Гостья прожила в доме два дня. В назначенный день мать и дочь, горько плача, простились друг с другом, и девушка с игуменьей сели в нанятую лодку, которая должна была отвезти их в Обитель Плывущей Бирюзы. Познакомившись с монахинями, девушка совершила перед настоятельницей положенные поклоны и, приняв постриг, получила монашеское имя Цзингуань, что значит Воплощенное Безмолвие. Так девица из семьи Ян стала инокиней в Обители Плывущей Бирюзы. А произошло все из-за оплошности ее матери, о чем лучше всего можно сказать стихами:

Девицу терзает жестокий недуг — телом стала слаба.

Но неужели бесовский план уготовила ей судьба?!

Неразумная мать послала ее к порогу Пустотных врат.

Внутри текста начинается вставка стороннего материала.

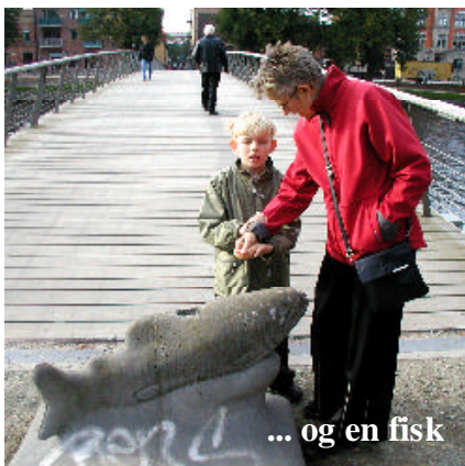
... og en fisk
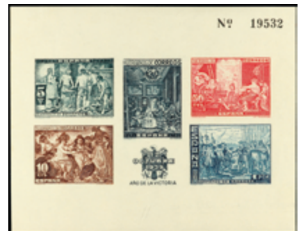
1778 70 €
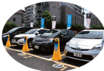
カーシェアリング事業 (例：オリックスカーシェア)

また、1971年の香港進出を皮切りに世界28カ国・地域に拠点を設け（2023年3月末時点）、グローバルに活動しています。
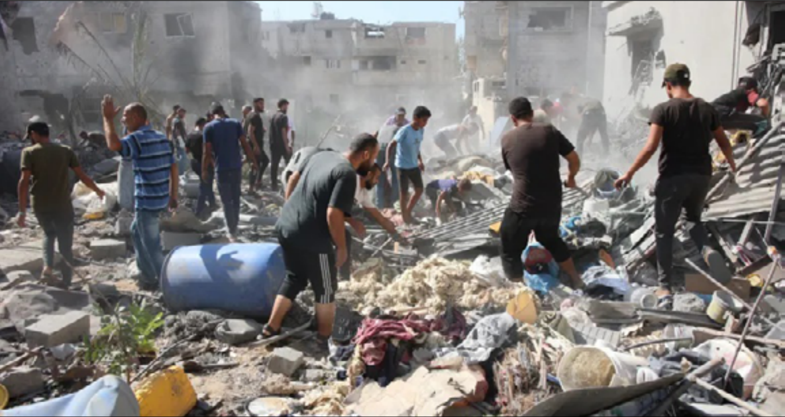
منظلمات إغاثة حذرت مراراً من أن عملية إجلاء واسعة النطاق لسكان مدينة غزة ستفاقم الوضع الإنساني الكارثي، بعدما أكدت

غارقة في المجاعة. وقد نزح الفلسطينيون مرات عديدة خلال الحرب المستمرة منذ ما يقارب العامين، وكثير منهم أصبحوا ضعفاء إلى حد لا يمكنهم معه الانتقال، فضلاً عن أنهم لا يجدون مكاناً يذهبون إليه. وكان الجيش الإسرائيلي قد حدد منطقة المواسي، وهو مخيم عشوائي من الخيام في جنوب القطاع، على أنها منطقة آمنة، ودعا جميع سكان مدينة غزة إلى مغادرتها والذهاب إلى هناك. لكن أولغا تشيريفكوف، المتحدثة باسم مكتب الأمم المتحدة لتنسيق الشؤون الإنسانية، أوضحت أن إعلان «منطقة إنسانية آمنة» في جنوب غزة تم بشكل أحادي من قبل السلطات الإسرائيلية، مؤكدة أن الأمم المتحدة والمجتمع الإنساني الأوسع ليسوا جزءاً من هذا الموضوع. وزارة الصحة في غزة ذكرت أن القوات الإسرائيلية استهدفت خلال الحرب مناطق سبق أن أعلنتها إسرائيل «مناطق إنسانية آمنة، بما في ذلك منطقة المواسي نفسها.
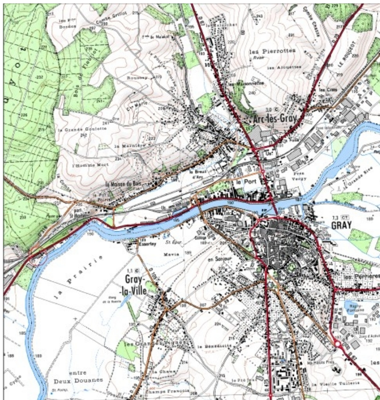
Carte de localisation. Carte topographique au 1:25000, I.G.N., Gray, 3222 O. Licence n°2008CISE29-68. 70, Arc-lès-Gray R.D. 70, lieudit : la Féculerie
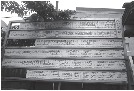
境内の奉賛芳名掲示板
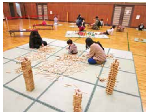
▲昨年度のオモチャ遊びのようす
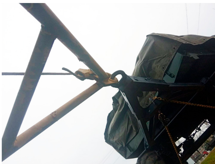
Рисунок 3 – Догружающий модуль для грузового автомобиля

периментальные исследования в реальных условиях эксплуатации транспортных агрегатов в период уборки основной культуры региона – сои.
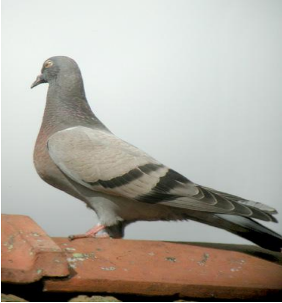
Espèce: Columba livia (Pigeon)
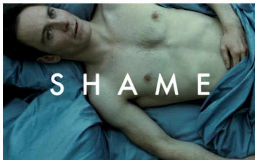
《性愛成癮的男人》劇照。

近十年以來，探討性成癮的電影紛紛出現，包括二〇〇五年幽默諷刺的《我是性癮者》、二〇一一年沉重震撼的《性愛成癮的男人》，還有即將上映的《性愛成癮的女人》。這些聳動入骨的片名，表面上似乎希望藉此吸引些因為演員會有大膽裸露鏡頭，而有興趣的觀眾收看。但影片背後其實懸著一個讓人擔憂得社會成癮現象，就是身陷性愛情慾編織得各種枷鎖而無可自拔。
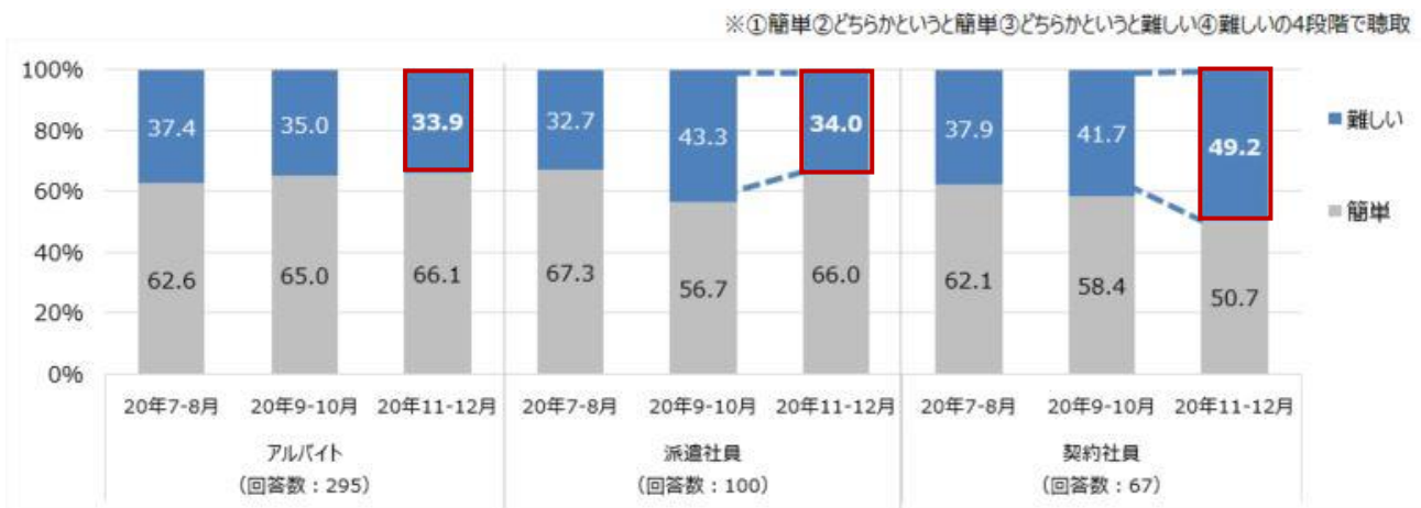
【図6】 非正規雇用（アルバイト、派遣社員、契約社員）の新規就業について
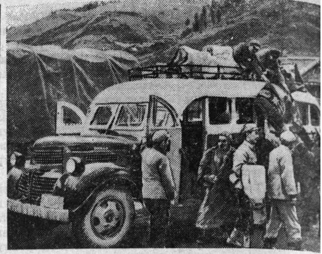
Китайская Народная Республика. Молодой город Шуа административный центр Тибетского автономного округа Авиини Сычу-ань.

На снимке: на автобусной станции в Шуацзинсы, распо. на трассе шоссе Чэнду-Аба.
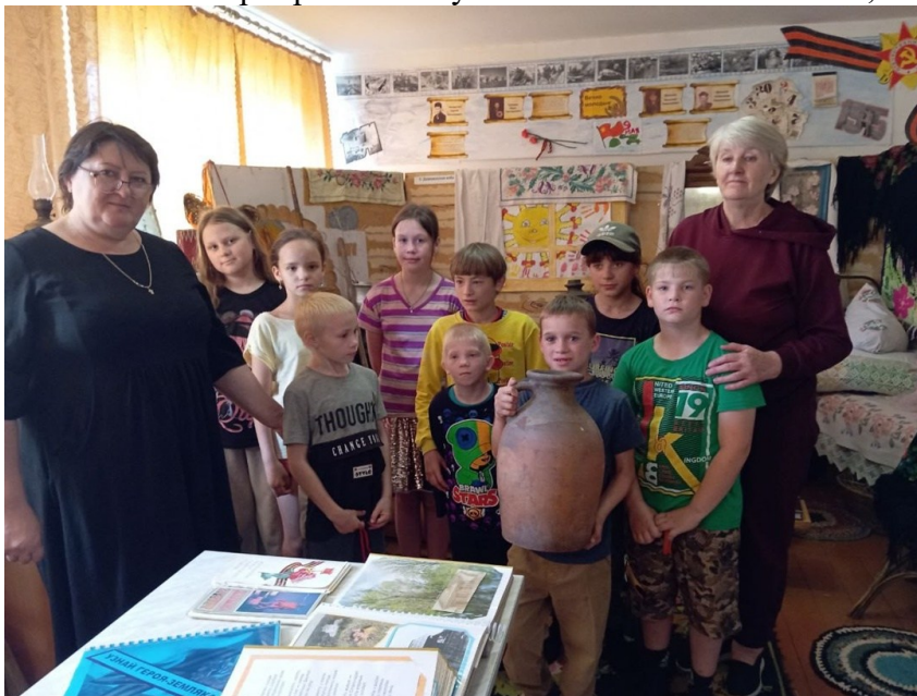
«Путешествие в прошлое»
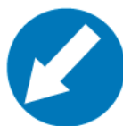
C-10 – Nakaz jazdy z lewej strony znaku
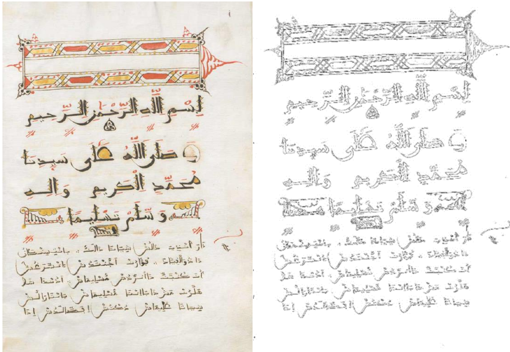
Figura 1. Tafçira del Mancebo de Arévalo y plantilla para su ejecución.
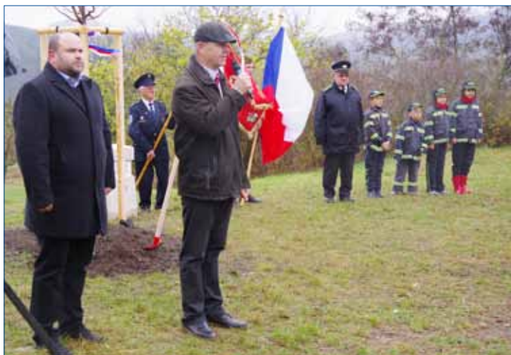
» Čestnou stráž drželi členové Army Zdice a členové SDH, včetně nejmenších.
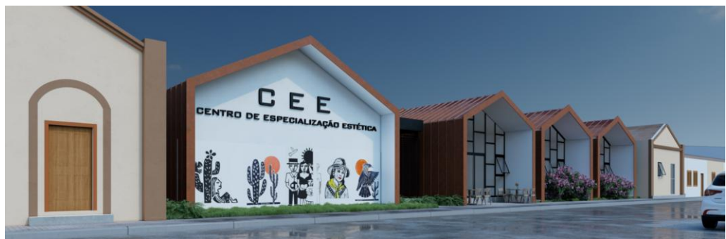
Figura 4. Intervenção em conjunto de armazéns de algodão de Sousa - Grupo 2. Fonte: Elaborado por discentes do semestre 2022.1.

A marcação das cobertas e a forma geral da intervenção remete ao passado, reforçando a imagem da área, mas o detalhe arquitetônico é indubitavelmente do presente, com estrutura metálica, que traz princípios projetuais bem legíveis e atuais: a modulação do pórtico, painéis amplos de esquadrias e a integração visual entre coberta e vedação lateral, em chapas de telha termoacústica (figura 4). Diferentemente da implantação geminada tradicional, os blocos foram propostos com afastamentos entre si, possibilitando a inserção de jardins e reforçando o desenho do partido adotado. Além disso, apesar da marcação do volume ocorrer no limite frontal do lote, os acessos são recuados e conseqüentemente, protegidos pela cobertura, diferente das edificações antigas, onde as portas abrem-se diretamente sobre as calçadas, demonstrando a preocupação de aliar forma e funcionalidade.
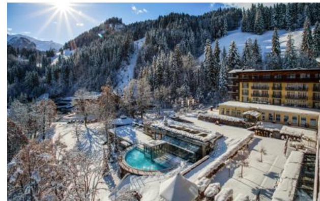
Miembro de Relais & Châteaux desde 2013 Badstrasse 20 CH-3775, Lenk im Simmental (Kanton Bern)

Hotel y restaurante en la montaña. A finales del siglo XVII, un primer hotel termal, llamado Bad Lenk, se construyó como aval del más rico manantial sulfuroso alpino, Balmen. Hoy, este manantial forma parte de la arquitectura del Lenkerhof gourmet spa resort convertido en un hotel soberbio con una gama de tratamientos de bienestar notable. Bautizado con el nombre del nacimiento del río Simme, e inspirado por la vitalidad del agua que allí brota, el "7 sources beauty & spa" ofrece una auténtica cura de rejuvenecimiento en un decorado de madera natural y piedra. Rodeado de paisajes grandiosos, el lugar es también una invitación a disfrutar de los placeres de la montaña en cualquier estación.
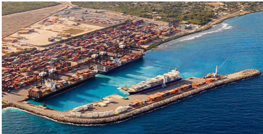
多米尼加高赛多港
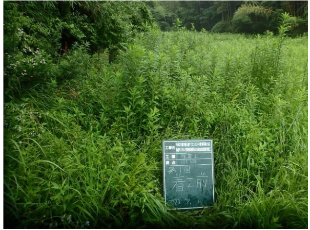
写真 4-3-1 整備状況(除草工(機械) : 除草前・保全区域A・畦畔等 : 令和2年7月1日)
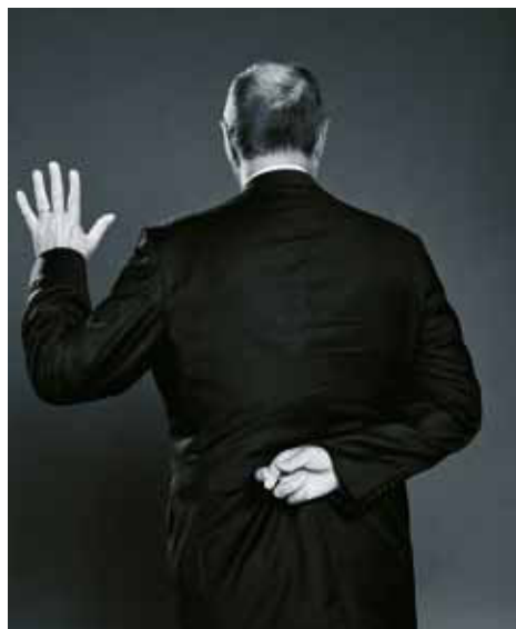
Auf einer Skala von eins bis zehn: Wie gut ist Angela Merkel als Krisenmanagerin? (1 = grottenschlecht, 10 = meisterhaft)
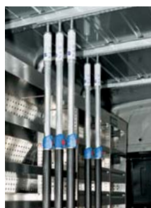
Teleskop-Sperrstange Aluminium Länge 1250-1750 mm Art. Nr. 103512 Länge 1550-2050 mm Art. Nr. 103153
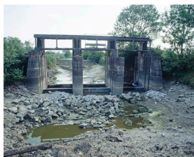
Vue, prise en 1999, de l'ouvrage moderne sans ses vannes et des fondations de l'ancien barrage à poutrelles. IVR52_19998500784XA
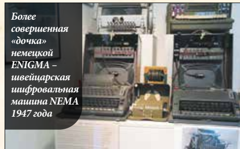
Более совершенная «дочка» немецкой ENIGMA – швейцарская шифровальная машина NEMA 1947 года

Сама нашла ей такую обитель, где свил гнездовье разврат.

Вы, конечно, спросите: почему игуменья посоветовала вдовице отдать дочь в монахини? А дело все в том, что нужна ей была приманка, чтобы заполучить для своих непотребных дел молоденьких смазливых учениц, а красивая девушка могла всколыхнуть любое мужское сердце. Вот почему настоятельница с помощью лживого своего гадания коварно уговорила вдову отдать дочь в монахини. Хитрая игуменья знала, что вдова согласится. Какая мать не пожелает видеть дочь здоровой и счастливой?

Как мы знаем, девушке в ту пору исполнилось всего двенадцать лет, и она, понятно, многого еще не понимала. Будь она повзрослее, ни за что бы не согласилась идти за монахиней. Но дело сделано!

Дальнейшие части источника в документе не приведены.